# Cook's Jacket



## karloevaristo (Jun 8, 2011)

I stained my jacket pretty bad, any suggestions on how to remove them? Thanks!

Karlo


----------



## ecchef (Jun 8, 2011)

Oven cleaner.


----------



## MadMel (Jun 8, 2011)

ecchef said:


> Oven cleaner.


 
+1 on that


----------



## tk59 (Jun 8, 2011)

Oven cleaner will remove any stain? You just slap it on and rinse it off?


----------



## karloevaristo (Jun 8, 2011)

really? makes sense! would it fade out logos and stuff though?


----------



## El Pescador (Jun 8, 2011)

Yes. Oven cleaner will suck the color out of anything.

Pesky


----------



## Eamon Burke (Jun 8, 2011)

Assuming it is white, soak it in Oxi Clean(pretty strong solution) for 3-5 days.
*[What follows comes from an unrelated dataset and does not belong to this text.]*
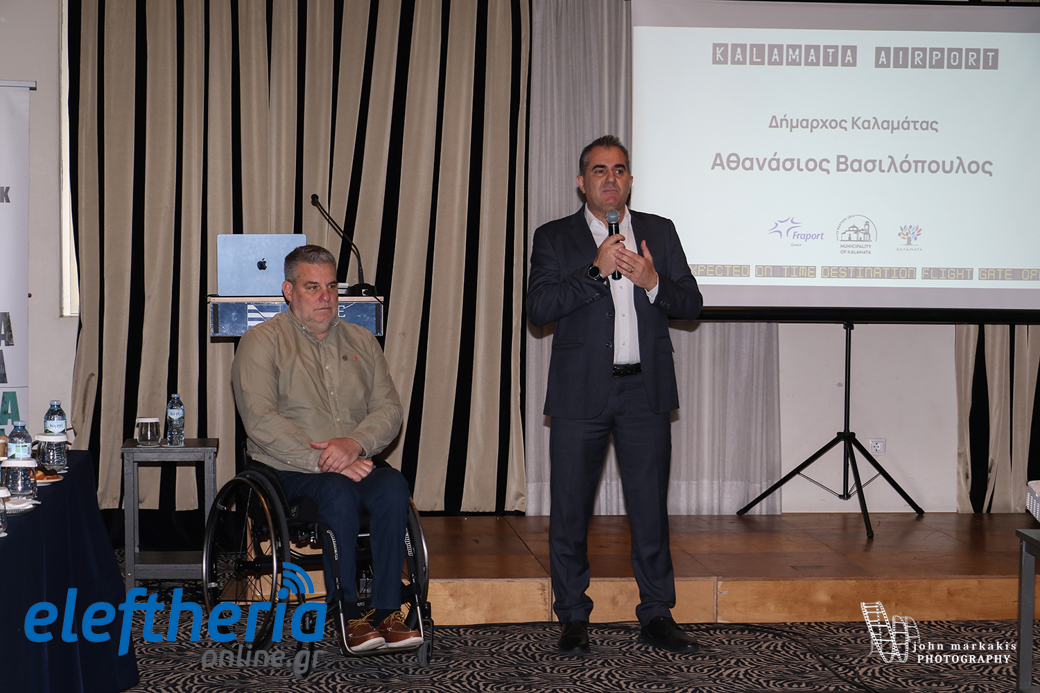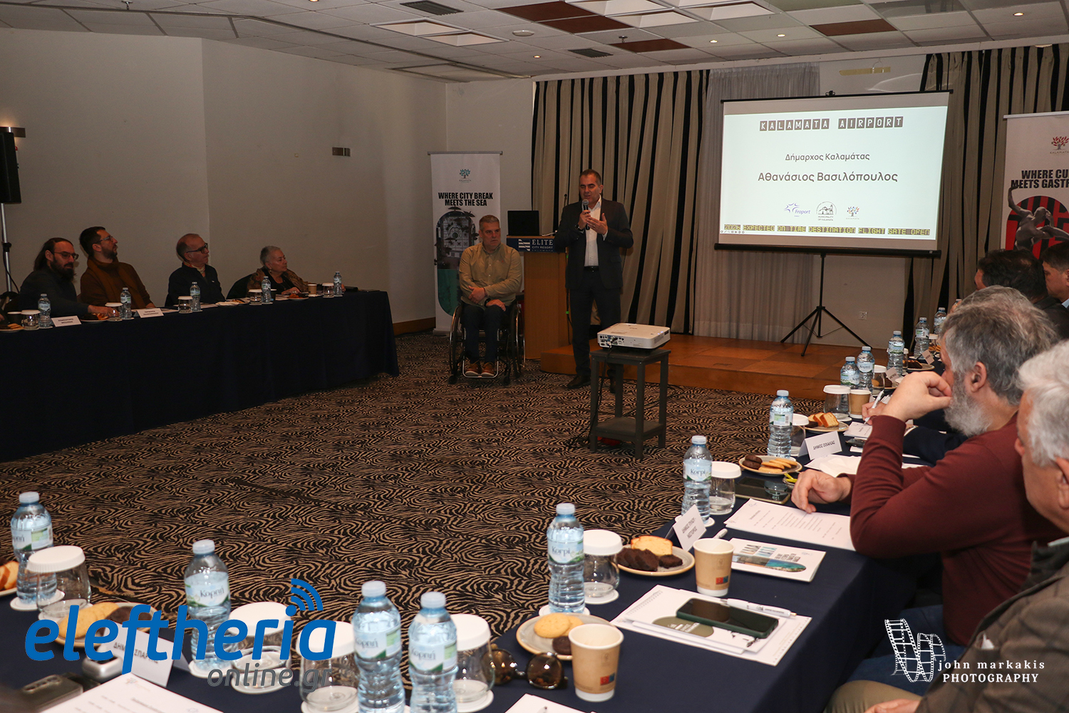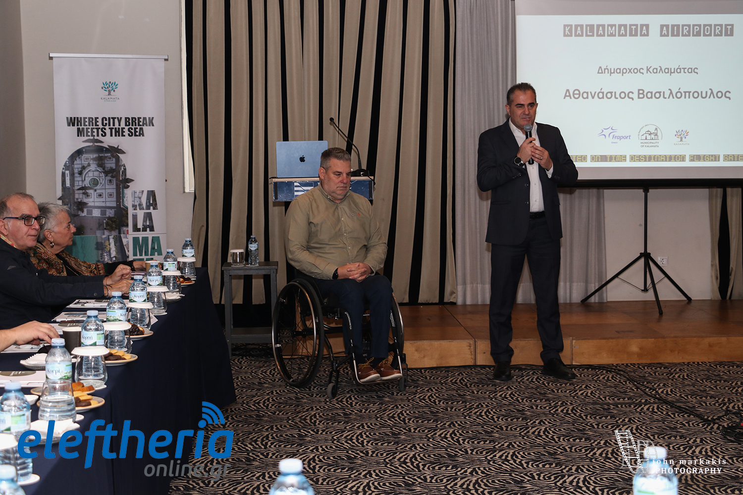 Ο αντιδήμαρχος Τουρισμού Γιώργος Λαζαρίδης δήλωσε: Μία πάρα πολύ σημαντική εκδήλωση, μία πάρα πολύ σημαντική συνάντηση θα έλεγα που γίνεται με πρωτοβουλία του Δήμου Καλαμάτας, του Τμήματος Τουρισμού και σε συνεργασία με την Fraport, την εταιρεία που μέσα από το σύνολο της κοινοπραξίας θα διαχειριστεί των Διεθνή Αερολιμένα Βασίλης Κωνσταντακόπουλος τα επόμενα χρόνια. Εχουμε μια άριστη, συνεργασία, επικοινωνία, συνεχή. και περιμένουμε με αγωνία να ακούσουμε τι σχεδιάζει Fraport και πώς μπορούμε και εμείς τόσο ως Δήμος Καλαμάτης, αλλά και γενικότερα όλοι οι δήμοι της Περιφέρειας Πελοποννήσουμ ιατί θεωρούμε ότι το αεροδρόμιο της Καλαμάτας είναι μία πύλη εισόδου για την Πελοπόννησο και την περιφέρεια Πελοποννήσου να συνεργαστούμε από κοινού για το καλύτερο δυνατό αποτέλεσμα.

Then wash it with Oxi-Clean. Even the impossible-to-remove yellowing came right out.


----------



## ThEoRy (Jun 8, 2011)

Just get it dry cleaned. My guy is really good. He's gotten out some impossible stuff.


----------



## MadMel (Jun 9, 2011)

I soak in HOT oven cleaner for about a day or so...


----------